▸ DATA IN THIS EXERCISE:

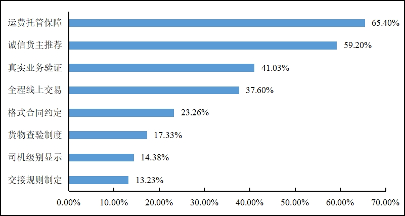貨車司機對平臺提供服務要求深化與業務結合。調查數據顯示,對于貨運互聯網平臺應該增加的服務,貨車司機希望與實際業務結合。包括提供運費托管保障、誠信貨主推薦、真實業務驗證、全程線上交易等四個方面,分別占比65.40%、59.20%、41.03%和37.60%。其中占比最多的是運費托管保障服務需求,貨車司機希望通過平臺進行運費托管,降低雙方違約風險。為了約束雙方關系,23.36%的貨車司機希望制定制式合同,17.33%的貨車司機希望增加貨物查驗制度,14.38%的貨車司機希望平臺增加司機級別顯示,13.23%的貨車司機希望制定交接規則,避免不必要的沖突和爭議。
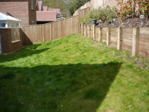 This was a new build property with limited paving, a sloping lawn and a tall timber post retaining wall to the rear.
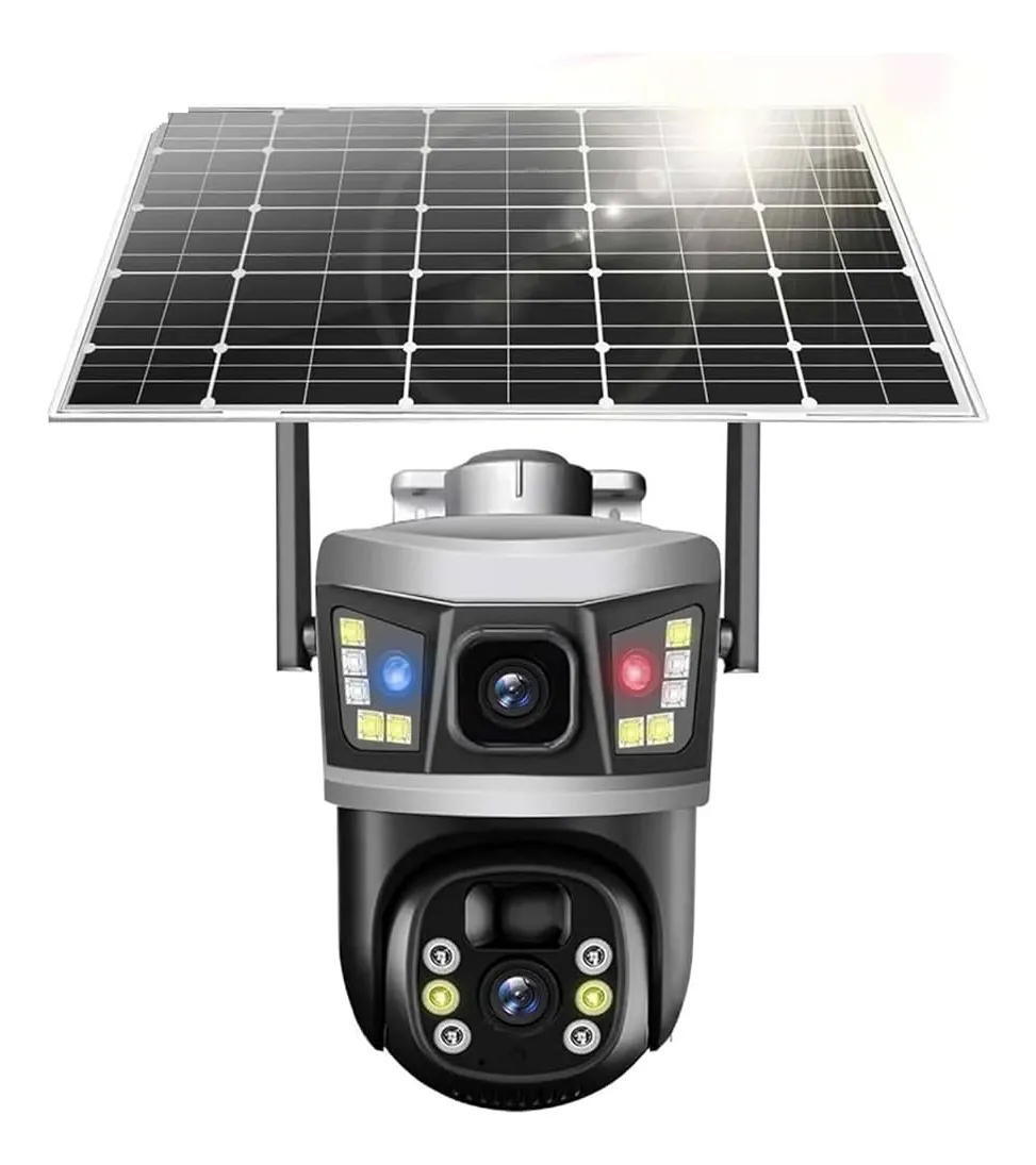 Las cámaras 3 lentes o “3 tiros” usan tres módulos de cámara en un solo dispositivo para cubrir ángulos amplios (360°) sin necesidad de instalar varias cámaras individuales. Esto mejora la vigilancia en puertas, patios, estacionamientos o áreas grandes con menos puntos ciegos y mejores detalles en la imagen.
...
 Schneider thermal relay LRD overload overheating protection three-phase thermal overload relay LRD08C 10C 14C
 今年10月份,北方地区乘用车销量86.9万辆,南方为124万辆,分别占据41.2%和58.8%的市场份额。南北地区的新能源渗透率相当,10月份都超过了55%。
* * *
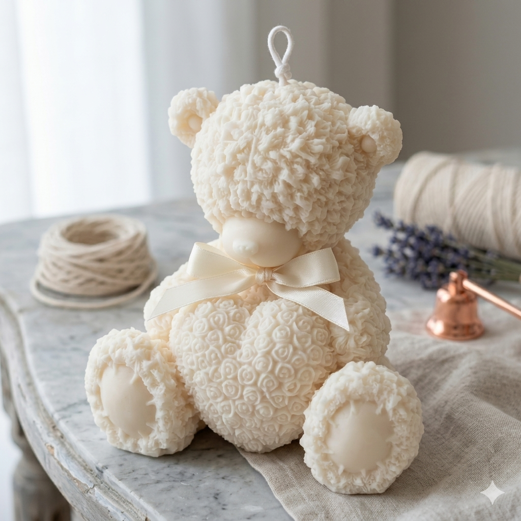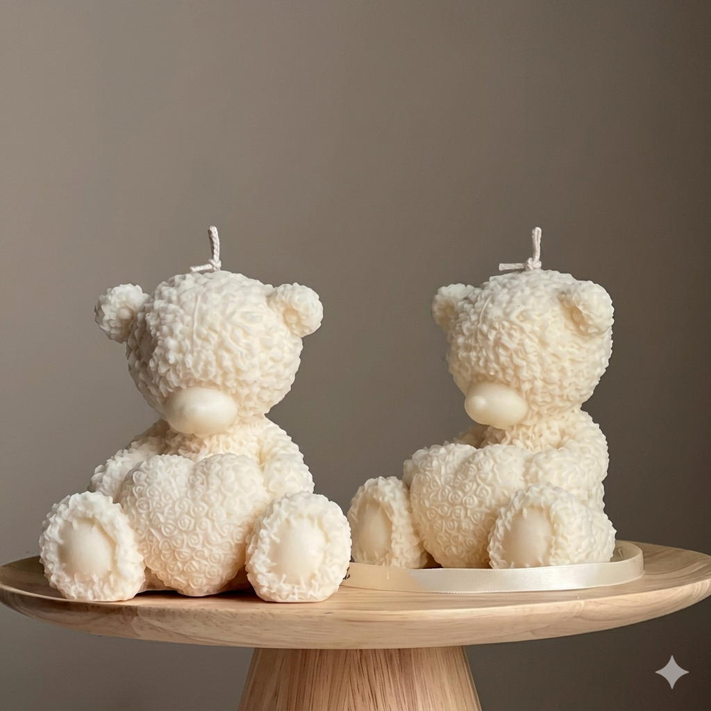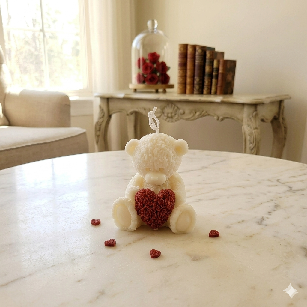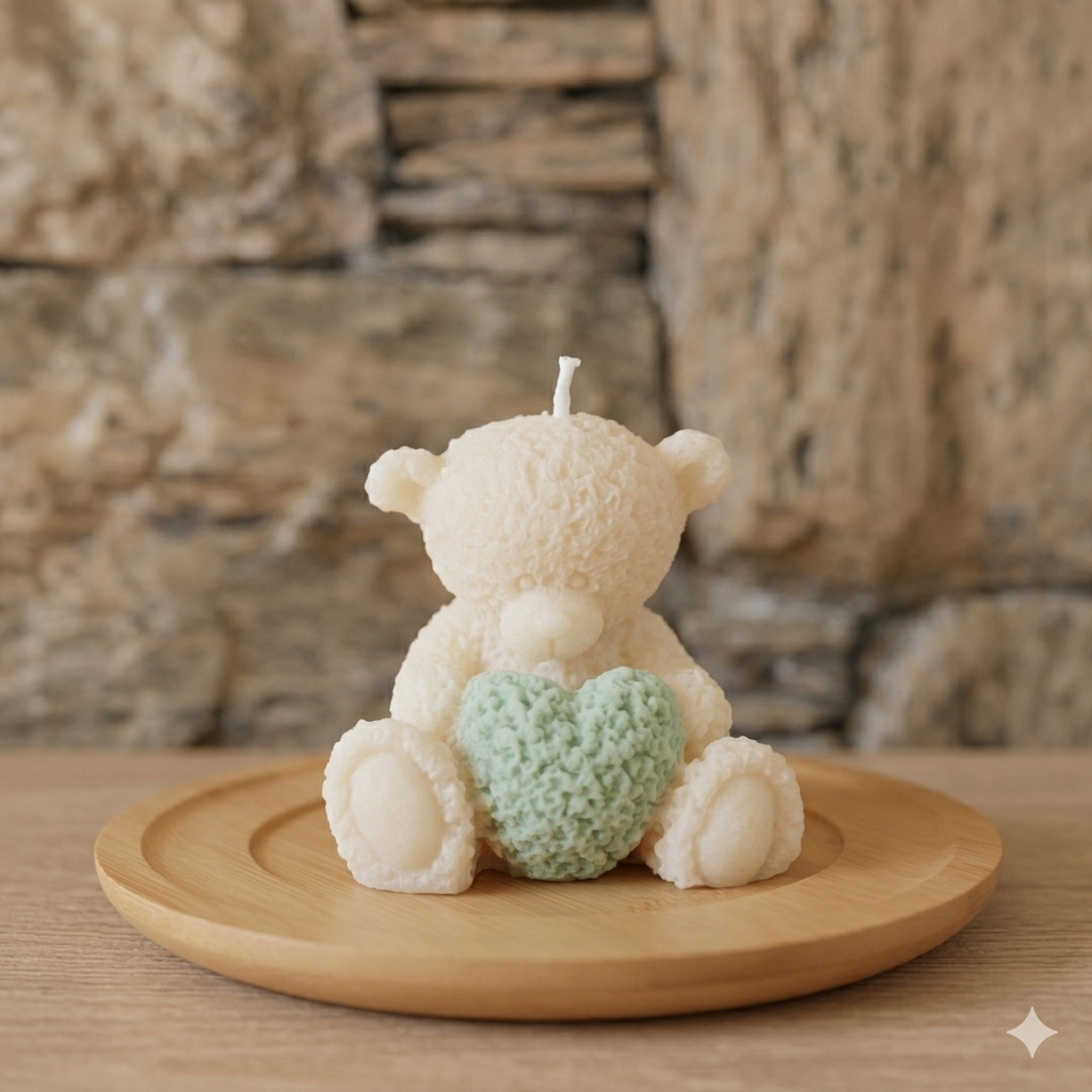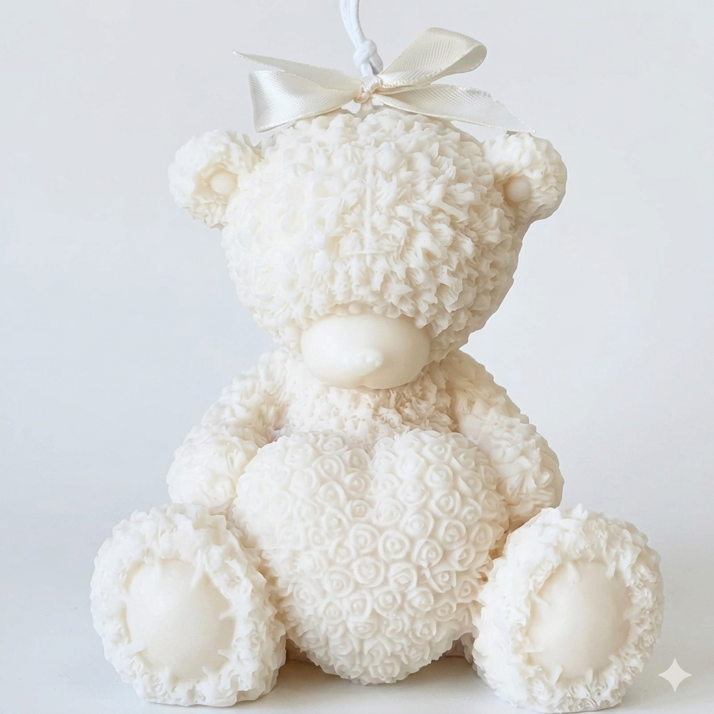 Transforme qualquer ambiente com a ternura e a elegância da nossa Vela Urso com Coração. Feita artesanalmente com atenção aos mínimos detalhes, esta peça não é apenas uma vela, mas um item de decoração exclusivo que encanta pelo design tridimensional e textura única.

▸ DIRECTIONS: When you reach the line that has "貨車司機對平臺提供服務要求深" in the data above, start repeating lines exactly, and stop after the line that has "Las cámaras 3"; pictures stay out.

▸ OUTPUT BELOW:
貨車司機對平臺提供服務要求深化與業務結合。調查數據顯示,對于貨運互聯網平臺應該增加的服務,貨車司機希望與實際業務結合。包括提供運費托管保障、誠信貨主推薦、真實業務驗證、全程線上交易等四個方面,分別占比65.40%、59.20%、41.03%和37.60%。其中占比最多的是運費托管保障服務需求,貨車司機希望通過平臺進行運費托管,降低雙方違約風險。為了約束雙方關系,23.36%的貨車司機希望制定制式合同,17.33%的貨車司機希望增加貨物查驗制度,14.38%的貨車司機希望平臺增加司機級別顯示,13.23%的貨車司機希望制定交接規則,避免不必要的沖突和爭議。
 This was a new build property with limited paving, a sloping lawn and a tall timber post retaining wall to the rear.
 Las cámaras 3 lentes o “3 tiros” usan tres módulos de cámara en un solo dispositivo para cubrir ángulos amplios (360°) sin necesidad de instalar varias cámaras individuales. Esto mejora la vigilancia en puertas, patios, estacionamientos o áreas grandes con menos puntos ciegos y mejores detalles en la imagen.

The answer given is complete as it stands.